• Task description
From the line below that contains "NPU 가 탑재된 AI" to the line that contains "Black gun, flashlight, glasses", repeat every line exactly, both ends included, and nothing else.

── Data for processing ──

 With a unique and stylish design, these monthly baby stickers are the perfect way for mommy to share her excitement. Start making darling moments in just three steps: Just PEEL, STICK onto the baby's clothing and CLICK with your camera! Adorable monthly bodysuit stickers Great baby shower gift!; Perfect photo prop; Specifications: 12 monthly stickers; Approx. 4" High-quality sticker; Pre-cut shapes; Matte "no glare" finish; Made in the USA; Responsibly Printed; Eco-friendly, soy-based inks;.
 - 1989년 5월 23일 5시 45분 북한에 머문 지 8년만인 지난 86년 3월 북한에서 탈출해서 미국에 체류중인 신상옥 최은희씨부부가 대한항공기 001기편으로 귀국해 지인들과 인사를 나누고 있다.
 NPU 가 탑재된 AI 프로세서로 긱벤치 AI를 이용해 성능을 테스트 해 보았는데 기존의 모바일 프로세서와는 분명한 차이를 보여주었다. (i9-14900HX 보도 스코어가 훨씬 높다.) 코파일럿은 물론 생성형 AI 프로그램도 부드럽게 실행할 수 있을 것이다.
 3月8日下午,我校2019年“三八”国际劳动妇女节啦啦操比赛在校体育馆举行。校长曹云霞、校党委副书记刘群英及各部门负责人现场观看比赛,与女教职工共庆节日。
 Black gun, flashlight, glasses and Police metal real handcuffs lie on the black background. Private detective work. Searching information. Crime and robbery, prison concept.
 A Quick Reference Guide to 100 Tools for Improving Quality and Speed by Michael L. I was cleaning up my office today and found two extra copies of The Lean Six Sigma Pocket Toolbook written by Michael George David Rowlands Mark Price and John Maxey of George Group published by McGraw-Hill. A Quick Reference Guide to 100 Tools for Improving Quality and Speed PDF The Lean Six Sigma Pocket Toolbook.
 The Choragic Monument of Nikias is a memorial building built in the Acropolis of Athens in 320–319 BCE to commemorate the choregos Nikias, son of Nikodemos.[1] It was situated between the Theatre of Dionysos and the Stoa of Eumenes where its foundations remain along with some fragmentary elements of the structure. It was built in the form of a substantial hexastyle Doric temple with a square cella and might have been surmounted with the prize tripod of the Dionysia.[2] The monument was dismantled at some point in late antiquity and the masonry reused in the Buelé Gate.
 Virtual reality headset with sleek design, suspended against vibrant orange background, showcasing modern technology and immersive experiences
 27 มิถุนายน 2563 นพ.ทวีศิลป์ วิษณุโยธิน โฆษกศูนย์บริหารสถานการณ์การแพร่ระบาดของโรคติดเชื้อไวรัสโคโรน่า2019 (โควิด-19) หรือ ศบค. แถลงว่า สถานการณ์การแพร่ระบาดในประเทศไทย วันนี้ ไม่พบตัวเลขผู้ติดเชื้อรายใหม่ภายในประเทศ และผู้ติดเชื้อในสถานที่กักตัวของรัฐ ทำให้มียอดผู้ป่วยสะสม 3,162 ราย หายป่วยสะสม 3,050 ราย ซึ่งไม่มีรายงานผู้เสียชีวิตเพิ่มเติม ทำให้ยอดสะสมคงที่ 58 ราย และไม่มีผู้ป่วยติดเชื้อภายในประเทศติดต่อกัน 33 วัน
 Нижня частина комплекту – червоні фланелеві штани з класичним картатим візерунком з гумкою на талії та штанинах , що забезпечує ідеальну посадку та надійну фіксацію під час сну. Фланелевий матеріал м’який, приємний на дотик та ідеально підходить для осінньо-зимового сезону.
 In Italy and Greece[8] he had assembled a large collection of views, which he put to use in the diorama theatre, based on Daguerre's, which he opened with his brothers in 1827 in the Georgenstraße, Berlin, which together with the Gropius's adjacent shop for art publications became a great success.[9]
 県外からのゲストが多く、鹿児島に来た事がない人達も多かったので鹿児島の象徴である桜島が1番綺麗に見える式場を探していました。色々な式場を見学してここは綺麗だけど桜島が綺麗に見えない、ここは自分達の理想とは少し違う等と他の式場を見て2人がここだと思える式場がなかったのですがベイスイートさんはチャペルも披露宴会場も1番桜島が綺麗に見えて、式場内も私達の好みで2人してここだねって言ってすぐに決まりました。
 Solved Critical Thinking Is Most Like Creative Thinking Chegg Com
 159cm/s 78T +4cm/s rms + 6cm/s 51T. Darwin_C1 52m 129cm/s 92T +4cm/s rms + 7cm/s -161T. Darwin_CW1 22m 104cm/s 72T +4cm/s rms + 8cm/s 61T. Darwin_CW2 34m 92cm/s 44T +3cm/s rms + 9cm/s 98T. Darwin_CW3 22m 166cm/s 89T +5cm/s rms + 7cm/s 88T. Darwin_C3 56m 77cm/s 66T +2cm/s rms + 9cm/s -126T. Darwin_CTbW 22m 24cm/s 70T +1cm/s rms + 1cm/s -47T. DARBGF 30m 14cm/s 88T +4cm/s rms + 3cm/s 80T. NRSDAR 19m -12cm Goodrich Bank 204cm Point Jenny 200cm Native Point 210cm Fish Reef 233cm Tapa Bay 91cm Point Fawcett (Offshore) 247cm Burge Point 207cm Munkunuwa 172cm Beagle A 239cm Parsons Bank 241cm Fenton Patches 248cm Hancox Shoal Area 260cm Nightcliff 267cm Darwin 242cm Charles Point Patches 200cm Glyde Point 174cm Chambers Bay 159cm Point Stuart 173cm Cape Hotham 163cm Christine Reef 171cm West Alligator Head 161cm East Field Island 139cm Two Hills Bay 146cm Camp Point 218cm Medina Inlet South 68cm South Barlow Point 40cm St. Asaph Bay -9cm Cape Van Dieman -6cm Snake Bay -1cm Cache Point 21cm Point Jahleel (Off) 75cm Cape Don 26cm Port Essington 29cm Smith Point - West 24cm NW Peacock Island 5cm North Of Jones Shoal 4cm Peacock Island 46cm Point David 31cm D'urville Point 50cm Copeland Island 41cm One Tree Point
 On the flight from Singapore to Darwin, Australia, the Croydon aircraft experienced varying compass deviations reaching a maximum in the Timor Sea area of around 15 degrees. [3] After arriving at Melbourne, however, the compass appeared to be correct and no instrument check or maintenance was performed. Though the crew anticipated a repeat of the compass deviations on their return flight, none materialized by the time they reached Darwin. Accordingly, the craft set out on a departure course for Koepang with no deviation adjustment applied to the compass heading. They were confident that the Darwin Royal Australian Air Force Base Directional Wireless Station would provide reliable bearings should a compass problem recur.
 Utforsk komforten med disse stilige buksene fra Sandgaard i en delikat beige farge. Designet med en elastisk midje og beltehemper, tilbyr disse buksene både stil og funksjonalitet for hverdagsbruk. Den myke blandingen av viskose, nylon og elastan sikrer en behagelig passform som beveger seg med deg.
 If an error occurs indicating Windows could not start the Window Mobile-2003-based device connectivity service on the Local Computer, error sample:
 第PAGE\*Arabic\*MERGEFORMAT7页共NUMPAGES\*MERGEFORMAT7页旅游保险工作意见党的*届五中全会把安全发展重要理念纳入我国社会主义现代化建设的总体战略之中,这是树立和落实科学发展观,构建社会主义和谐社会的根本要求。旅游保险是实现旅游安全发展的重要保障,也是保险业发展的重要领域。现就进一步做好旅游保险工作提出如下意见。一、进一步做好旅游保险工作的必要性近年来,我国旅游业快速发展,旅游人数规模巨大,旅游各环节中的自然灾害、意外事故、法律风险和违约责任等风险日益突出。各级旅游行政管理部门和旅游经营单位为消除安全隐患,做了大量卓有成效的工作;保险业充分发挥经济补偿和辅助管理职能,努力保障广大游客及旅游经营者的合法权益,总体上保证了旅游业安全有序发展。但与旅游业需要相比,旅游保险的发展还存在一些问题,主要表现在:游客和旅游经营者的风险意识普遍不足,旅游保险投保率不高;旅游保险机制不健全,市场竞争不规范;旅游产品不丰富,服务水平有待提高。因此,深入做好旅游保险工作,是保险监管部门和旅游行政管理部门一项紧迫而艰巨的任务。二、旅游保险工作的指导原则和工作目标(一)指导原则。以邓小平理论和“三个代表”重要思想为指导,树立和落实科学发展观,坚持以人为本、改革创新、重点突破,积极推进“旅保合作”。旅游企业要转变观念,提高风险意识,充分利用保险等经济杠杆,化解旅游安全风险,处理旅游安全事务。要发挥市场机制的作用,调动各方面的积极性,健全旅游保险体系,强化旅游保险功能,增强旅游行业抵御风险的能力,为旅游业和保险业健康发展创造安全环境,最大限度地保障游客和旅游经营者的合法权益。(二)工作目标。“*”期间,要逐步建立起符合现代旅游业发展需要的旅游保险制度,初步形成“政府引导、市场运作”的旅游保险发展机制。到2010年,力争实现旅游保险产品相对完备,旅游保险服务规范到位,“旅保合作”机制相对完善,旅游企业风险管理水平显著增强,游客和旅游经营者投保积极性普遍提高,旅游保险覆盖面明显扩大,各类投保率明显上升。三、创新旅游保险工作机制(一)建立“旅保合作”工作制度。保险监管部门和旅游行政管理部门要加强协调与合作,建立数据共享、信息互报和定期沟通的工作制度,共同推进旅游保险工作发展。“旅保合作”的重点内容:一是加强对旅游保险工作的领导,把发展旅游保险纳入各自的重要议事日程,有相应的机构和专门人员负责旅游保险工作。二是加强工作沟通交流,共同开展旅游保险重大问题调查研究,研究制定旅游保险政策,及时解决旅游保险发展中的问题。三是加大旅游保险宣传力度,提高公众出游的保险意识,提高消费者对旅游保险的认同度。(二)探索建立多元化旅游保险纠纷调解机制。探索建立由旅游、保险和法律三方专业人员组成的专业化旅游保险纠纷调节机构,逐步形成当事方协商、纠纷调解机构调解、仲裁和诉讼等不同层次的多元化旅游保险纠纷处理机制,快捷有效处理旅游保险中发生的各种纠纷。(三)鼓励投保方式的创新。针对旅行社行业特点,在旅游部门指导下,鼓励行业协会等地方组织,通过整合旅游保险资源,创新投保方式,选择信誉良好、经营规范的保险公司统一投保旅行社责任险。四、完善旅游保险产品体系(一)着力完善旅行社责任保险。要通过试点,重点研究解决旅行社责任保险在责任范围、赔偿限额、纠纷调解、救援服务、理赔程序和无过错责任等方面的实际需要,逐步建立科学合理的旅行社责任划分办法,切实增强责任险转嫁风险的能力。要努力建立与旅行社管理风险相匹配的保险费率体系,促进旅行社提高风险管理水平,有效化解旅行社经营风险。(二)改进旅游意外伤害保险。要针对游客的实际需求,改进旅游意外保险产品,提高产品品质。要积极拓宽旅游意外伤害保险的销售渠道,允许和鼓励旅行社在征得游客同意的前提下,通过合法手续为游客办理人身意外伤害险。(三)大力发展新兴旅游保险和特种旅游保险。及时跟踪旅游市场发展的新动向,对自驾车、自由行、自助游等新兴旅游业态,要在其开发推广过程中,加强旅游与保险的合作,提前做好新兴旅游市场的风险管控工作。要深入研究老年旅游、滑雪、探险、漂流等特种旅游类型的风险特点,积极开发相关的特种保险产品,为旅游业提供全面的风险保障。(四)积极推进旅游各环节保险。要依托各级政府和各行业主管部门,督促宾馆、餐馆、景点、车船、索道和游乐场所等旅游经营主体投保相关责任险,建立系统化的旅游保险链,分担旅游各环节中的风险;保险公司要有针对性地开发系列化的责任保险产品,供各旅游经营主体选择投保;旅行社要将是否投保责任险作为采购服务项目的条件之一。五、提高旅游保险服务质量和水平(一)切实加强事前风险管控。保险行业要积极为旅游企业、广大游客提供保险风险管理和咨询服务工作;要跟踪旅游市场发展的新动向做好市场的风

───

• Written solution
 NPU 가 탑재된 AI 프로세서로 긱벤치 AI를 이용해 성능을 테스트 해 보았는데 기존의 모바일 프로세서와는 분명한 차이를 보여주었다. (i9-14900HX 보도 스코어가 훨씬 높다.) 코파일럿은 물론 생성형 AI 프로그램도 부드럽게 실행할 수 있을 것이다.
 3月8日下午,我校2019年“三八”国际劳动妇女节啦啦操比赛在校体育馆举行。校长曹云霞、校党委副书记刘群英及各部门负责人现场观看比赛,与女教职工共庆节日。
 Black gun, flashlight, glasses and Police metal real handcuffs lie on the black background. Private detective work. Searching information. Crime and robbery, prison concept.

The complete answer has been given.